__DATASET SECTION__.
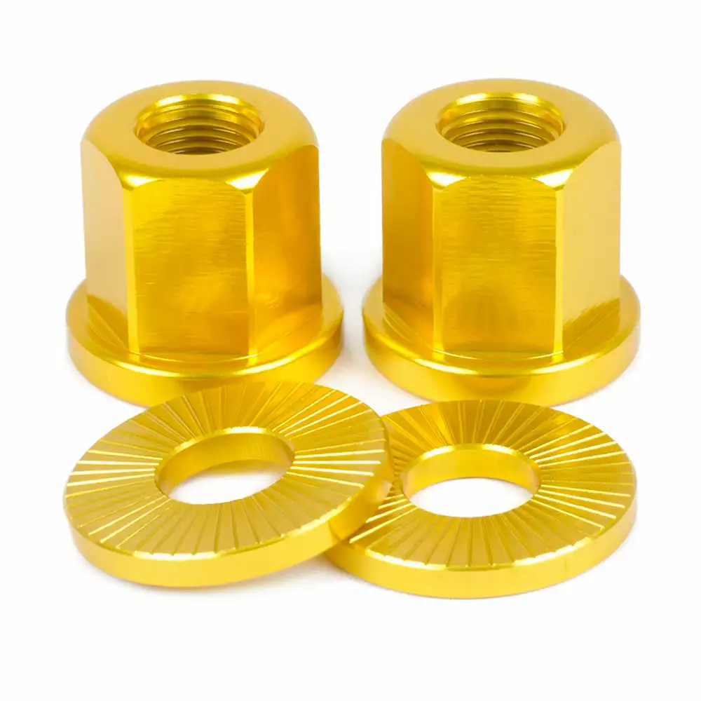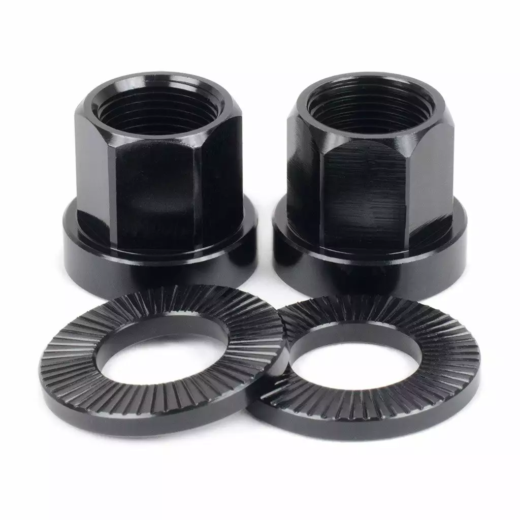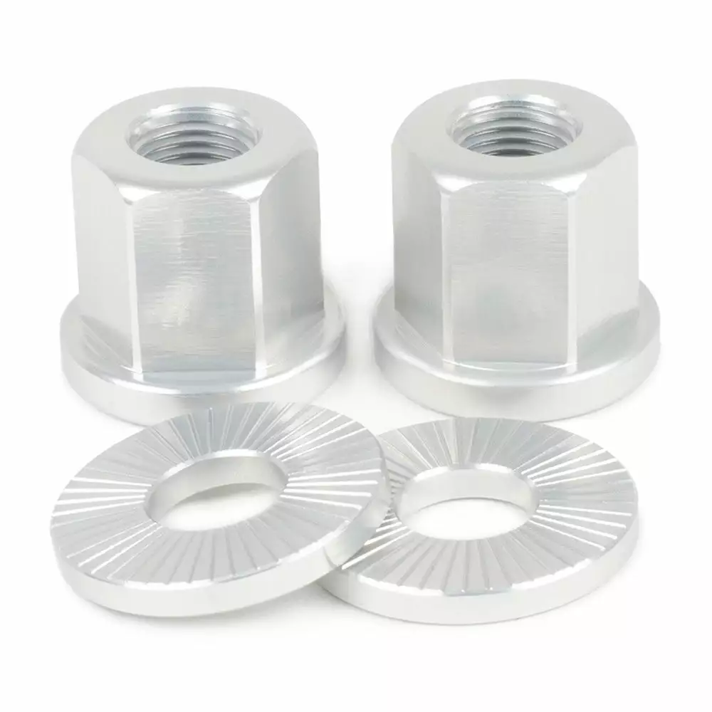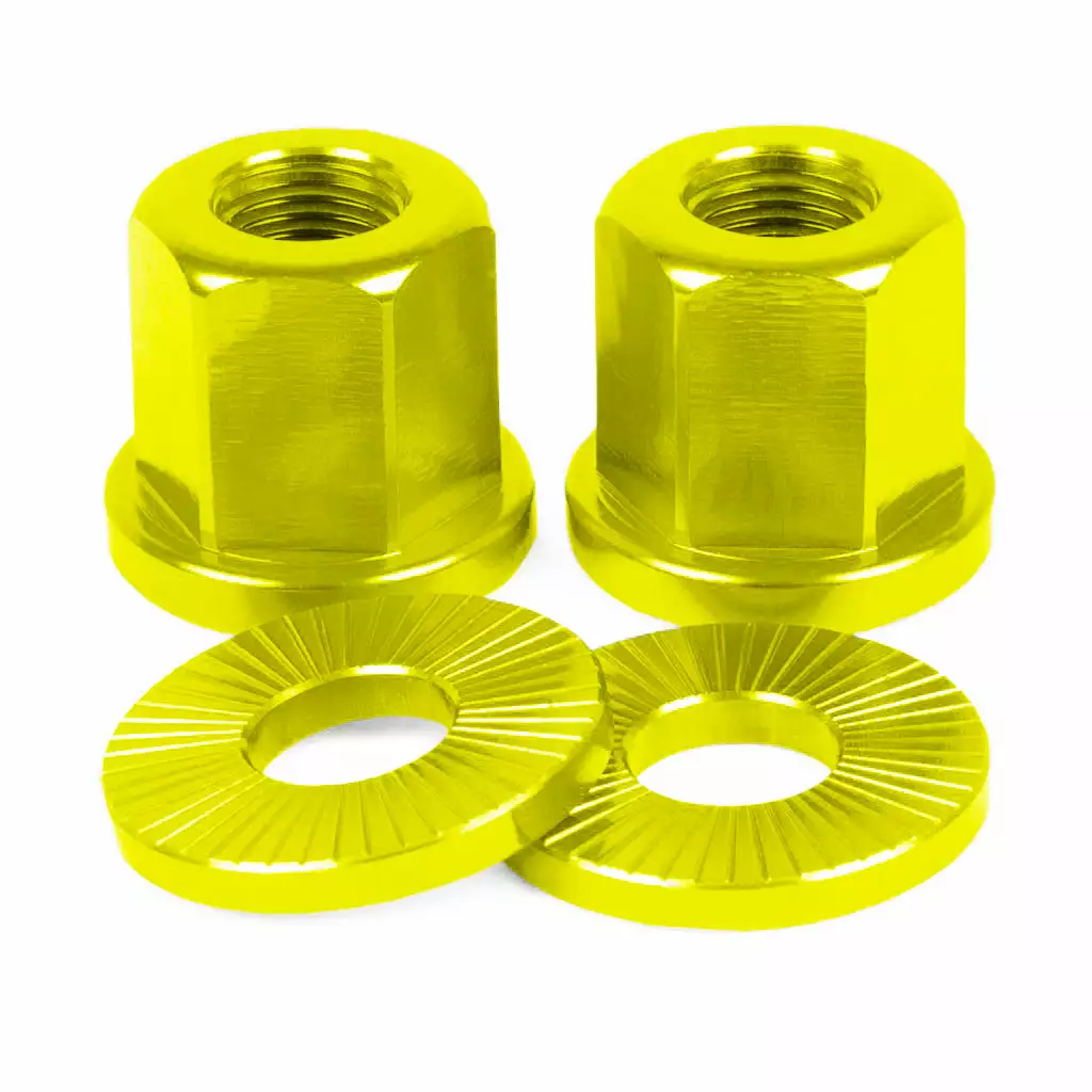 At half the weight of steel nuts, the Featherweight Alloy Nuts are an easy way to spec your ride and add a little flare. Made from 7075 -T6 aluminum, they are CNC’d to exacting specifications with 17mm wrench flats for both the 14mm and 3/8” sizes. Includes matching anodized washers.
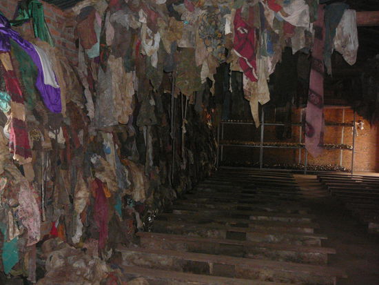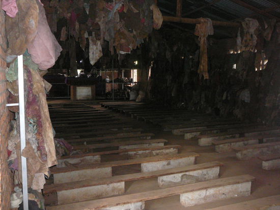 Als ich die Kirche betrete, trifft mich der Schlag. Die Leichen wurden weggeschafft, ein paar Schädel, das scheint wohl unvermeidlich, sind an einer Seite ausgestellt. Ansonsten aber hat man alles so belassen wie es damals nach dem Massaker vorgefunden wurde. Die blutgetränkte Kleidung hängt nun an der Decke und an Wänden und verdüstert den Raum noch mehr.
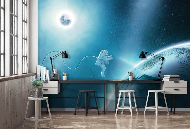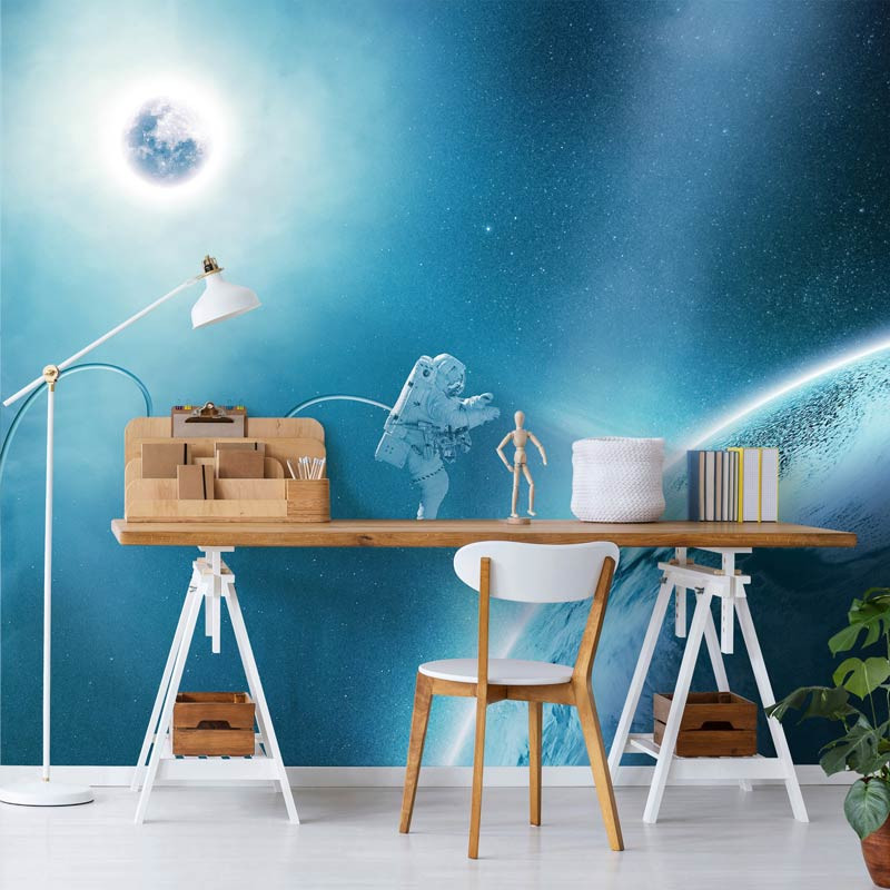 Mit der Fototapete Astronaut auf dem Mond holen Sie sich die Magie des Universums direkt in Ihr Zuhause. Das detaillierte Bild des Astronauten, der durch den Weltraum schwebt, und der wunderschöne Mond im Hintergrund werden Sie jedes Mal verzaubern, wenn Sie es betrachten.
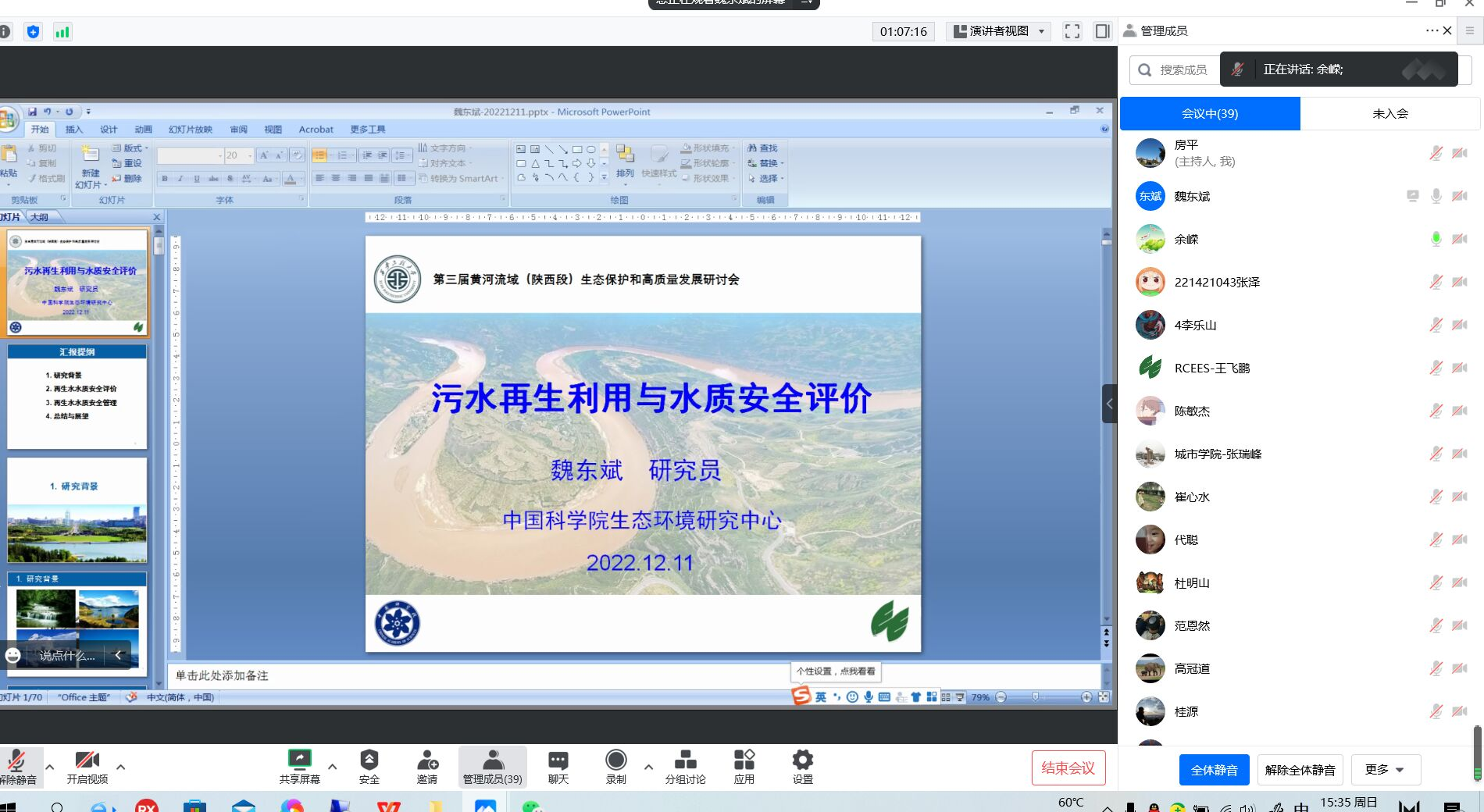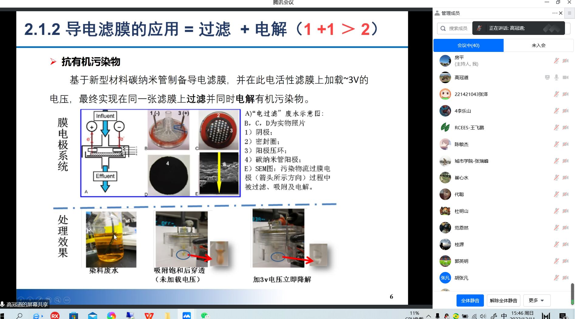 研讨会上,与会专家学者纷纷发言,与我校师生热情交流,激烈讨论,共同为黄河流域生态保护和高质量发展建言献策。东京大学郭威副教授对《植物表型组学在农业及自然生态系中的技术开发及应用》进行了深刻的解读;博士生导师魏东斌从黄河流域生态保护和高质量发展出发,结合《污水再生利用与水质安全评价》对再生水水质标准、再生水安全管理进行讲解;南京大学高冠道教授以《电调控低碳水处理技术—以自清洁滤膜为例》为主题,深度剖析导电滤膜的性质并从膜电极系统入手,进而对膜处理效果进展示;beat365vip官网登录入口硕士生导师李晶以《隋唐长安传统水治理方式初探》的题,对传统水治理方式进行细致的阐述;beat365vip官网登录入口硕士生导师赵娟介绍了太阳能光伏光热利用技术的研究过程及成果。

__ACTION ITEM__. An exact copy of the listing is required, with every image removed.

__THE ANSWER__.
 At half the weight of steel nuts, the Featherweight Alloy Nuts are an easy way to spec your ride and add a little flare. Made from 7075 -T6 aluminum, they are CNC’d to exacting specifications with 17mm wrench flats for both the 14mm and 3/8” sizes. Includes matching anodized washers.
 Als ich die Kirche betrete, trifft mich der Schlag. Die Leichen wurden weggeschafft, ein paar Schädel, das scheint wohl unvermeidlich, sind an einer Seite ausgestellt. Ansonsten aber hat man alles so belassen wie es damals nach dem Massaker vorgefunden wurde. Die blutgetränkte Kleidung hängt nun an der Decke und an Wänden und verdüstert den Raum noch mehr.
 Mit der Fototapete Astronaut auf dem Mond holen Sie sich die Magie des Universums direkt in Ihr Zuhause. Das detaillierte Bild des Astronauten, der durch den Weltraum schwebt, und der wunderschöne Mond im Hintergrund werden Sie jedes Mal verzaubern, wenn Sie es betrachten.
 研讨会上,与会专家学者纷纷发言,与我校师生热情交流,激烈讨论,共同为黄河流域生态保护和高质量发展建言献策。东京大学郭威副教授对《植物表型组学在农业及自然生态系中的技术开发及应用》进行了深刻的解读;博士生导师魏东斌从黄河流域生态保护和高质量发展出发,结合《污水再生利用与水质安全评价》对再生水水质标准、再生水安全管理进行讲解;南京大学高冠道教授以《电调控低碳水处理技术—以自清洁滤膜为例》为主题,深度剖析导电滤膜的性质并从膜电极系统入手,进而对膜处理效果进展示;beat365vip官网登录入口硕士生导师李晶以《隋唐长安传统水治理方式初探》的题,对传统水治理方式进行细致的阐述;beat365vip官网登录入口硕士生导师赵娟介绍了太阳能光伏光热利用技术的研究过程及成果。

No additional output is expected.